ANALYSES

« Un jeu de poker menteur »

Presse
12 décembre 2012
Pourquoi une telle provocation de la part de la Corée du Nord ?

Pour deux raisons. A l’échelle internationale, la Corée du Nord fonctionne depuis vingt ans par le chantage : elle fait monter la pression et réclame ensuite, en échange de sa bonne tenue, des aides extérieures, comme de la nourriture et de l’énergie. D’un point de vue national, il y avait un enjeu très fort aussi : Kim Jong Un n’avait pas encore de légitimité forte à la tête du pays. Il devait donc se présenter comme le père tutélaire de la nation, prouver à son tour qu’il était un grand homme comme l’étaient son père et son grand père.


Les Américains y voient un tir militaire. Y-a-t-il une vraie menace ?

En tout état de cause, ce lancement n’est pas un essai de tir balistique mais plutôt un bricolage. Les Nord-Coréens en sont là où la France en était en 1965, quand elle a lancé son premier satellite. Je ne suis pas d’accord avec la version des Américains. Il est évident qu’il y a des technologies connexes entre le balistique et le spatial, mais dans ce cas précis il n’y a une partie de la fusée tirée qui peut être utilisée pour faire un missile, et il ne serait pas intercontinental. D’après mes informations, le pays ne sait pas encore faire d’armement nucléaire opérationnel.
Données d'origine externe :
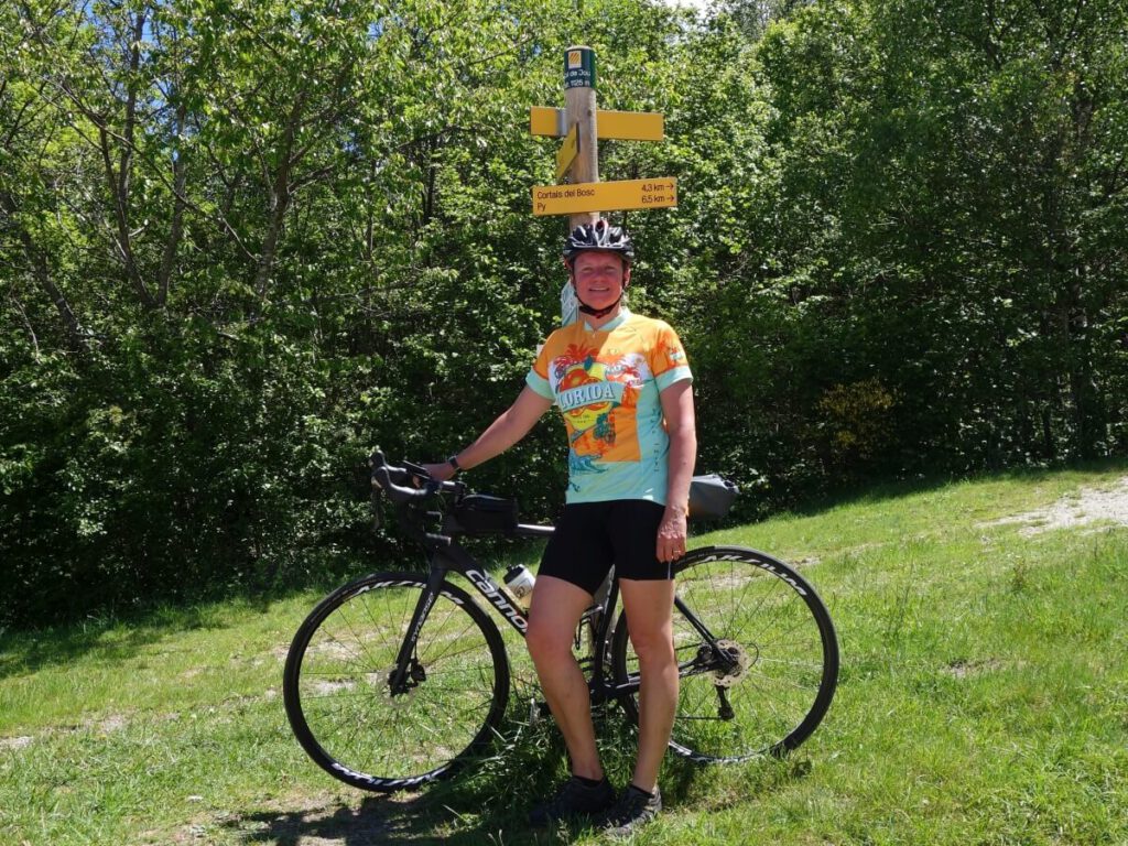 Eigentlich ist so ein enger Stellplatz gar nicht unser Ding, aber die Landschaft und das Wetter sind so toll, dass wir unsere Fahrräder nehmen und hinauf zum Col de Jou radeln. Die extrem schmale Teerstraße schlängelt sich den Berg hoch und wir sind froh, dass kein Auto kommt. Das hätte nicht gepasst und eine Randbegrenzung kennt man hier sowieso nicht. Die Straße ist unendlich steil und die Sonne brennt unbarmherzig vom Himmel, aber irgendwann haben wir es geschafft und kommen am Col an (1.125m). Eigentlich suchen wir Wanderwegweiser, aber was finden wir? Ein Parkplatzschild für Wohnmobile! Wie sollen die hier hochkommen?? Einfach unglaublich! Nun gut, wir machen eine kleine Pause und fahren dann auf der für Wohnmobile gesperrten Strecke hinab. Wobei „fahren“ etwas übertrieben ist, denn der Zustand der Schotterpiste ist so schlecht, dass wir die Fahrräder teilweise über die Felsbrocken tragen müssen.
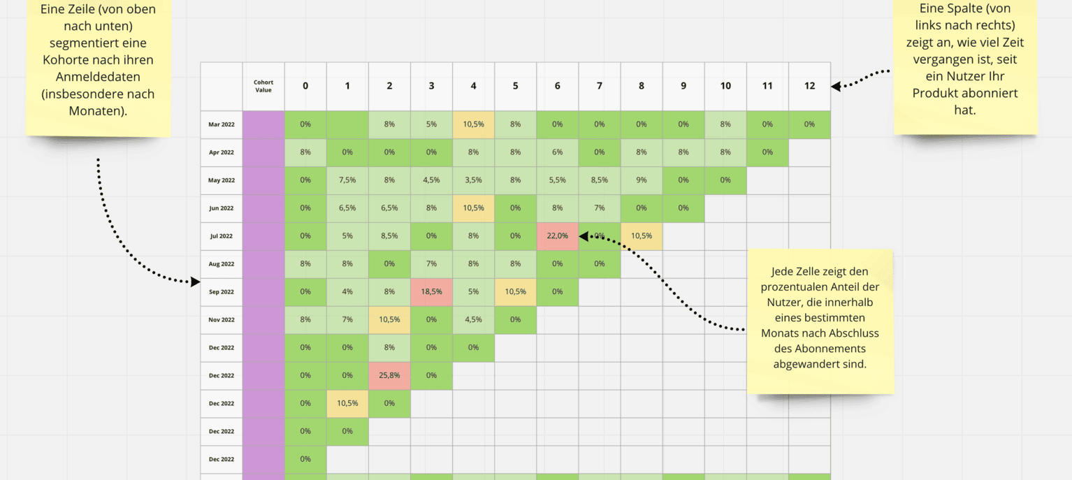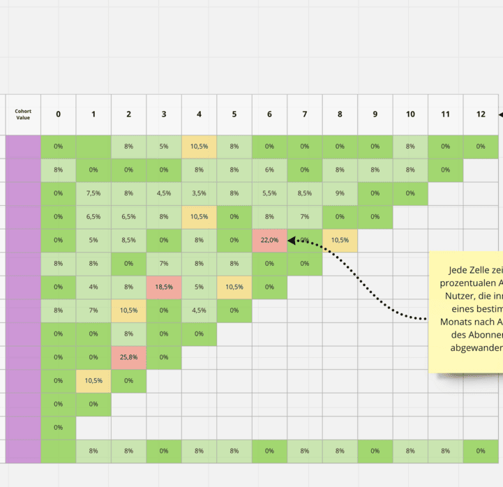 Die Kohortenanalyse ist eine Art der Verhaltensanalyse, mit deren Hilfe Sie sehen können, was ein Teil Ihrer Nutzer (eine “Kohorte”) in Ihrem Tool tut. Die Kennzahl, die Sie in der Regel mit der Kohortenanalyse für SaaS messen, ist die Benutzerabwanderung (Churn)- der Moment, in dem einige Benutzer aufhören, Ihr Produkt zu nutzen und es verlassen. Aus diesem Grund kann man sie auch als “Kundenabwanderungsanalyse” bezeichnen.

Pourquoi les Américains affirment le contraire ?

Les Etats-Unis n’en sont pas à leur coup d’essai. Souvenons-nous qu’en 1993, la CIA jurait que la Corée du Nord avait de quoi faire vingt armes nucléaires ! Ils ont peut-être intérêt à tricher sur ce point pour faire monter la sauce et renforcer la contre-prolifération nucléaire. Cela leur donne aussi une bonne raison d’être présent dans cette région du Pacifique et se rendre indispensable aux yeux de la Corée du Sud et du Japon. On est ici dans un jeu de poker menteur.


Les sanctions de l’ONU peuvent-elles peser sur la Corée du Nord ?

L’ONU n’a pas vraiment de légitimité à sanctionner le pays pour ce lancement s’il s’agit effectivement d’un tir de satellite. Et il n’a pas la preuve du contraire. Il le fera certainement, mais cela ne changera rien. La Corée du Nord fait ici quelque chose qui est toléré dans beaucoup d’autres pays. Il y a quinze jours, son voisin du sud a essayé de lancer un satellite, mais n’a pas réussi. La Corée du Nord n’est donc pas sanctionnable sur ce point. Et il le sait : le pays a déjà prévenu qu’en dépit des avertissements de la communauté internationale, il continuerait son programme spatial.